葬儀の前に親族や親しい知人が集まり、夜を徹して故人のそばで過ごし、別れを惜しむ儀式のこと。最近は、告別式に出席できない人が故人とお別れをする場として、1~3時間ほどで終わる「半通夜」が増えています。

  • 通夜の服装
    急きょ駆けつけるケースでない限りは喪服(ブラックフォーマル)が好ましいでしょう。ただし、亡くなった直後に行われる仮通夜は、平服(へいふく)で。平服は「普段着」という意味ですが、この場合は「喪服でなくてもいい」という意味ですので、地味な服装を心掛けましょう。男性はブラックスーツかダークスーツ、女性は黒か地味な色のワンピース・スーツの着用が一般的です。
葬儀と告別式の違い

葬儀は、遺族や親族が故人の冥福を祈って見送る儀式のことで、仏式であれば僧侶の読経があり、出棺、火葬などが行われます。告別式は、親族や知人が故人に最後の別れを告げる儀式。焼香や献花なども告別式に執り行います。昔は別々の儀式でしたが、現在は葬儀と告別式を一緒に行うことが多くなっています。

  • 葬儀・告別式の服装
    基本的には喪服(ブラックフォーマル)が好ましいです。男性はブラックスーツに、白シャツ、黒のネクタイと靴。女性は黒のワンピース、アンサンブル、またはスーツに、黒のストッキングと靴を着用します。黒でも光沢のあるものはNGなので、注意しましょう。

香典のマナーを知っておこう

親しい人が亡くなったときに考えなくてはならないもののひとつが香典です。香典にも覚えておきたいマナーがいくつかあります。

香典とは
香典とは、現金を不祝儀用の袋(香典袋)に包み、線香や花の代わりに霊前に供えるものを指します。もともとは、「お香を供える」「お香の代金を供える」という意味です。香典は、もちろん故人への供養の気持ちを表すものですが、葬儀費用などの突然の出費を助けるという意味もあります。
香典の渡し方
香典は通夜、葬儀、告別式のいずれかに持参します。受付がある場合は受付で渡し、ない場合は拝礼の際に霊前に供えるか、遺族に直接渡しましょう。
もし参列できない場合は弔電を打ち、現金を香典袋に入れて現金書留で送ります。お悔やみの言葉を記した手紙を添えるのも忘れずに。
香典袋の種類と書き方

香典袋には種類があり、宗教によっても異なるので注意が必要です。筆ペンなどで水引の上の部分に表書きを、下には名前をフルネームで書くのが基本ですが、表書きも宗教によって変わってきます。香典袋と表書きを、宗教別にまとめてみました。

  • 仏式
    蓮の花が描かれたものは、仏式用のし袋です。表書きは「御霊前」「御香典」「御香料」のいずれか。ただし、浄土真宗の場合は「御仏前」となります。
  • キリスト教式
    ユリの花、十字架などが描かれたのし袋を使います。表書きは「御霊前」「御花料」「献花料」のいずれか。
  • 神式
    のし袋は無地で、白黒か双銀の水引のもの。用途は「御霊前」「御玉串料」「御神前」など。

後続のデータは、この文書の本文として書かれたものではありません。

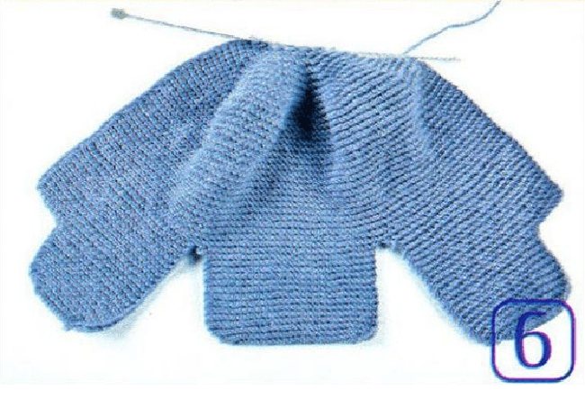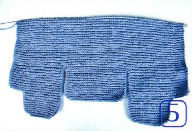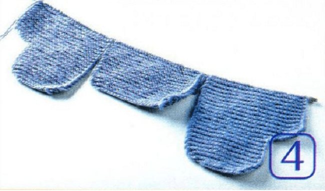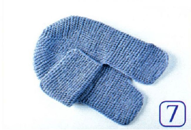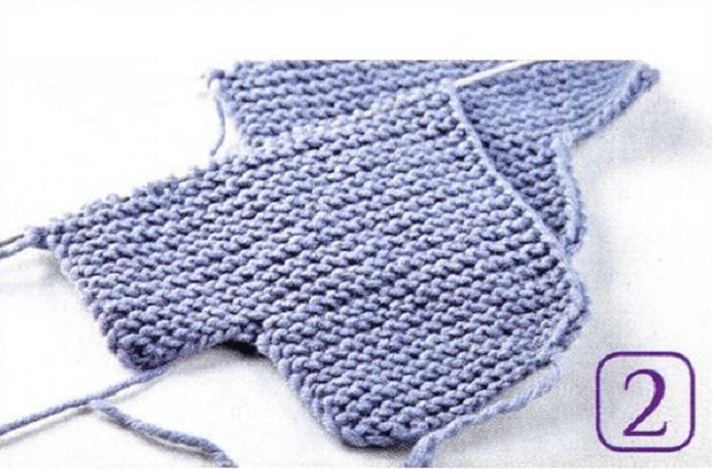- Отдельно наберите спицами 22 петли. Аналогично предыдущим действиям прибавляйте через ряд, пока их не станет 30 шт. далее – вязание платочным рисунком еще 24 рядка.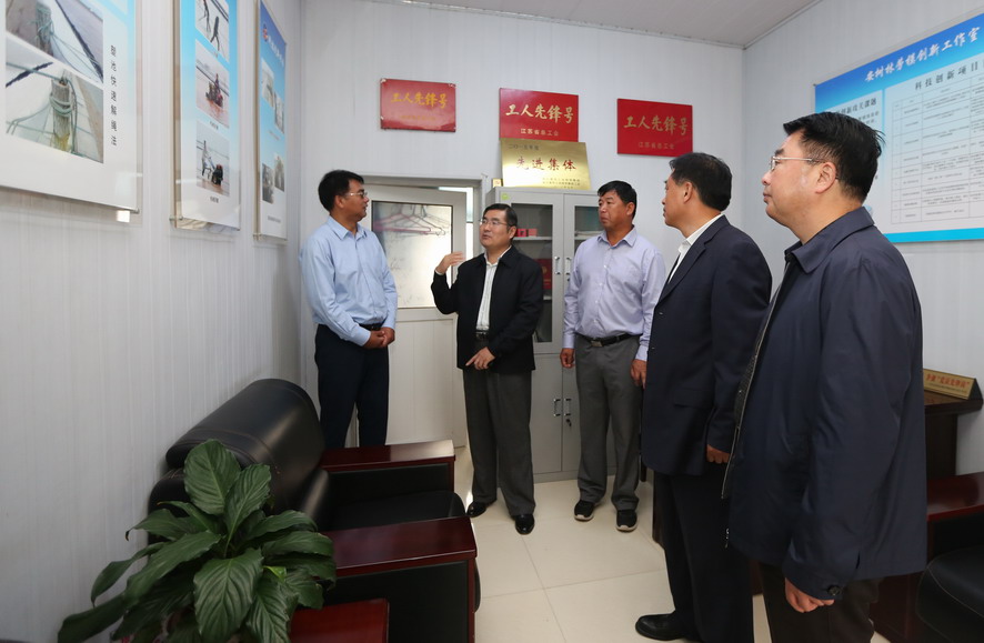 演出結束后,陳健在戴鴻鳴等人的陪同下,看望了江蘇省勞動模范安樹林。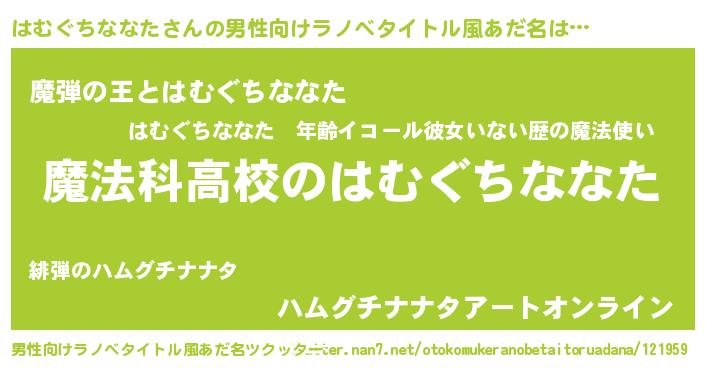 | 女子向けラノベタイトル風あだ名 | 『はむぐちななたなんてお断りですっ。』 |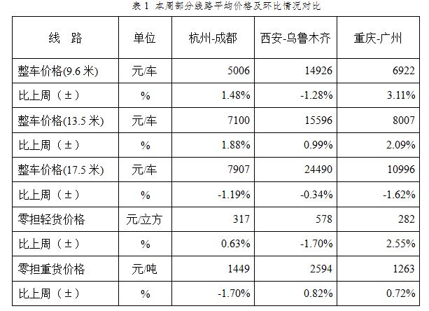 本周,货物运输运行总体平稳,公路物流需求较前期稳步回升,特别是受到前期大宗商品价格回暖等因素影响,整车物流需求增长明显;在此背景下,公路物流价格连续两周回升,但回升幅度有所放缓。从后期走势看,随着供给侧改革利好释放,经济运行将逐渐恢复平稳,公路物流需求有望企稳回升,预计未来公路物流运价指数环比可能呈现震荡回升的走势。

このように、宗教によって香典袋の種類や書き方が変わるので、故人の宗教を知っている場合は間違いのないようにしましょう。わからない場合は「御霊前」としておくのが無難です。

香典で包む金額の目安は?

香典の金額は、故人との関係によっても変わってきます。一般的な金額を見ていきましょう。

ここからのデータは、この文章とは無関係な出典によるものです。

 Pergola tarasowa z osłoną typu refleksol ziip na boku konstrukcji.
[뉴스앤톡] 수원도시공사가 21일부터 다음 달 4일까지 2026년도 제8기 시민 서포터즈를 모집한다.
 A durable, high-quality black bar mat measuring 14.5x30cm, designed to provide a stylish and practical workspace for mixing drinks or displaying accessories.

  • 親族:両親は10万円、兄弟・姉妹は3~5万円。祖父母や叔父・叔母を含むその他親族は、1万円が目安。
  • 仕事関係:勤務先の上司、同僚、部下、その家族、取引先などの場合は、5,000円~1万円程度。
  • 友人・知人:友人、友人の家族、ご近所の場合の目安は3,000円~1万円。

上に挙げた金額はあくまでも目安です。重要なのは、故人との付き合いの深さ。目安の金額を参考にして、自分の気持ちをプラスするとよいでしょう。ただし、香典は多ければよいというものでもありません。故人の家族が恐縮してしまうような金額にならないよう注意したいところです。


通夜、葬儀、告別式、そして香典のマナーをご紹介しました。基本的なポイントは押さえられたのではないでしょうか。突然の訃報を受けても慌てずに準備をし、安らかな気持ちで故人を見送りたいものです。